Concepts¶

Semantic caching vs. key-value caching¶

┌───────────────────────────────────────────────┐
│  Traditional cache (Redis GET/SET)            │
│                                                │
│  "What is X?"        → hash("What is X?")     │
│  "Tell me about X."  → hash("Tell me ...")    │
│  ─ DIFFERENT KEYS → cache miss                 │
└───────────────────────────────────────────────┘

┌───────────────────────────────────────────────┐
│  cogcache                                      │
│                                                │
│  "What is X?"        → [0.12, -0.4, ...] vec  │
│  "Tell me about X."  → [0.14, -0.3, ...] vec  │
│  ─ cosine(vec1, vec2) = 0.94 ≥ 0.92 → HIT     │
└───────────────────────────────────────────────┘

cogcache stores each query as a dense vector (embedding). New queries are embedded and compared by cosine similarity to existing entries. If the best match exceeds the threshold, the cached answer is returned.

The request lifecycle¶

sequenceDiagram
    participant U as User
    participant C as cogcache
    participant E as Embedder
    participant S as Store
    participant J as Judge (opt)
    participant L as LLM

    U->>C: query("What is X?")
    C->>E: embed("What is X?")
    E-->>C: [0.12, -0.4, ...]
    C->>S: find_match(vec, route, intent)
    alt Cache HIT
        S-->>C: entry (sim ≥ threshold, same route)
        C-->>U: cached answer
    else Cache MISS
        C->>L: llm_fn("What is X?")
        L-->>C: answer
        opt Judge enabled
            C->>J: score(query, answer)
            J-->>C: quality (0-1)
        end
        C->>S: store(entry)
        C-->>U: answer
    end

Route and intent isolation¶

A single cogcache instance can serve multiple logical caches, partitioned by route and intent:

cache.query("How do I login?", llm, route="user_help",    intent="auth")
cache.query("How do I login?", llm, route="admin_help",   intent="auth")  # MISS — different route
cache.query("How do I login?", llm, route="user_help",    intent="docs")  # MISS — different intent

This prevents leaking admin-targeted answers to regular users, or mixing chitchat answers into technical contexts.
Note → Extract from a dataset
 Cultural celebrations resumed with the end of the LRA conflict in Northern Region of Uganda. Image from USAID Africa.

"Write strict, hit lenient" Judge policy¶

When an LLM Judge is enabled, cogcache scores answer quality on TWO axes with different strictness:

Event	Threshold	What happens if score is below
Write	`write_min_quality` (e.g. 0.80)	Reject the write OR cache with short `low_quality_ttl`
Hit (async, optional)	`hit_min_quality` (e.g. 0.60)	Log a warning. The request still returns the cached answer.
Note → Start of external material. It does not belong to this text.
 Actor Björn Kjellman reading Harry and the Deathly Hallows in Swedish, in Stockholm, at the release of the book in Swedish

The asymmetry is intentional. Writes happen once per unique query — making the gate strict prevents bad answers from being served to many future users. Hits happen many times — making the gate lenient avoids latency hits, and any issue gets surfaced via metrics for offline review.

Fail-open by design¶

cogcache treats itself as best-effort optimization, never a hard dependency:

Failure mode	Behavior
Redis disconnects	Cache lookup returns miss, LLM still called
Embedding API rate-limited	Falls back to local hash embedder
Judge LLM returns 500	Score defaults to 1.0, write proceeds
Sink (Prometheus) crashes	Event recorded, sink isolated

Your /ask endpoint never returns a 500 because the cache had an issue.

Threshold trade-off¶

threshold = 0.50              threshold = 0.92
┌──────────────┐              ┌──────────────┐
│ Hit rate ↑↑↑ │              │ Hit rate ↓   │
│ FP rate ↑↑   │              │ FP rate ~0   │
│ Needs Judge  │              │ Safe         │
└──────────────┘              └──────────────┘
   aggressive                    conservative

See Tuning for picking the right threshold on your dataset.